2019年 5月(第120号)
法令に違反したときに会社名が公表されることがあります。公表による取引先をはじめとする社会的信用の失墜や、社員のモチベーション低下による影響は計り知れません。今回は、行政による会社名公表ついてまとめてみます。
公表の目的
行政は、法令等に違反した会社を公表する目的に、①類似事故の抑制、②社会的な制裁を挙げています。①に該当する事例の1つとして、新卒者の内定を取り消した会社名の公表が挙げられます。これは、職業安定法施行規則に基づいた措置で、翌年に就職を目指す学生・生徒に内定取り消しの危険性がある会社であることを知らせる目的としています。もっとも内定を取り消した全ての会社を公表するものではなく、2年以上連続して行われた、10名以上であった、事業活動の縮小を余儀なくされていない、取り消し理由を十分に説明していない等の会社に限定されています。その意味からも学生に対して類似事故を防止する観点からの措置と言えます。
②の制裁としての公表は、近年多くなされている措置です。ハローワークで目にする雇用関係助成金の不正受給した会社の公表は、この制裁に属するものです。
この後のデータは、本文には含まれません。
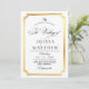 Faire-part de mariage moderne design noir et blanc avec une police manuscrite élégante avec des boucles et un monogramme de la mariée et du marié. Invitation classique et élégante, simple et moderne.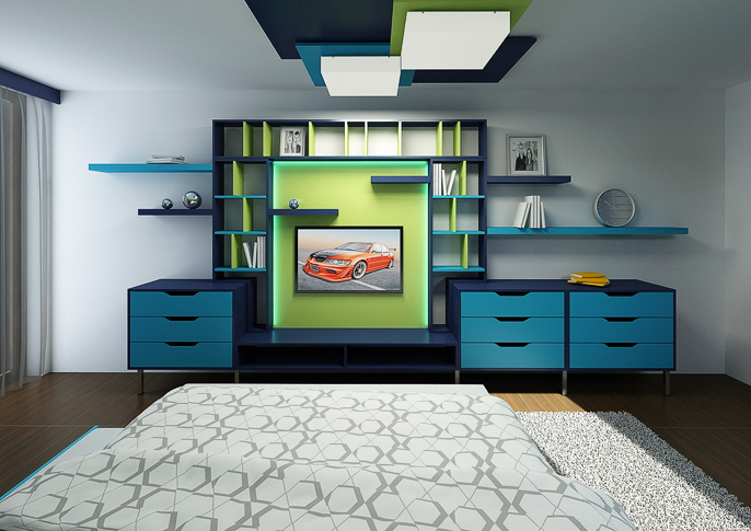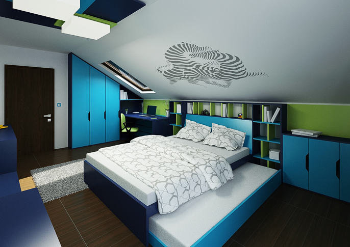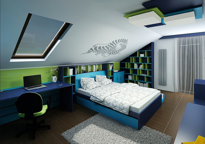 Spacious student bedrooms in a combination of blue and green colors with white accessories together form a cozy room. The space is situated in the attic and the sloping ceiling above the bed is variegated with a zebra motif. The room has plenty of storage space and lots of bookshelves. There is also a table built under the window for plenty of natural light. Under the bed is a drawer with mattress for occasional overnight.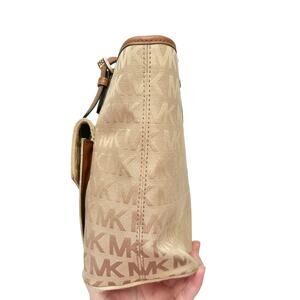 Michael Kors Tan Canvas Monogram Signature Shoulder Bag Tote Purse

会社名、代表者名、所在地、事業の概要、助成金名、金額、不正の内容等が貼り出されるだけでなくインターネットで公表されますから、顧客や取引先に知られることになり、更には取引の中止や契約の解消等の社会的な制裁となります。
公表の法的根拠
公表には、法律に基づいた公表と法律に基づかない公表があり、制裁として公表を規定している主な法令には次があります。
育児・介護休業法:育児休業の申し出の拒否
男女雇用機会均等法:性差別、婚姻・妊娠・出産等を理由とする不利益取り扱い
パートタイム労働法:労働条件文書の不交付、待遇の差別的取り扱い
労働安全衛生法:重大事故の再発危険
どの法令も違反があったら即公表とはしていません。まずは行政指導が行われ、それに従わないときに初めて公表を行う制度としています。
法律に基づかない例として労働基準法違反に対する公表制度があります。従来も労働基準法違反で書類送検された中で悪質性が高いと判断された事案は公表されていました。平成27年には、違法な長時間労働を繰り返し行う会社の公表を行う通達が出され、影響力の大きい会社の複数の事業所で違法な長時間が多数の社員に認められた時に公表するという基準が設けられました。その後、いくどか基準の改正がなされ、現在では長時間労働や賃金不払いの疑いで送検された会社名は公表されるようになっています。
まとめ
公表の基準が行政指導に従わなかった、あるいは書類送検された会社であるとしても、最終的な違反の確定は裁判所です。その意味で、行政が裁判所判断の確定前に会社に対して制裁を科すことの疑問は残っています。
とはいえ、現実に公表されることを防ぐことが必要です。そのためには、日ごろから法違反をしない、もし違反をしてしまったならば気付いた段階で早急に是正を講ずること、こんな当たり前のことしか方法がありません。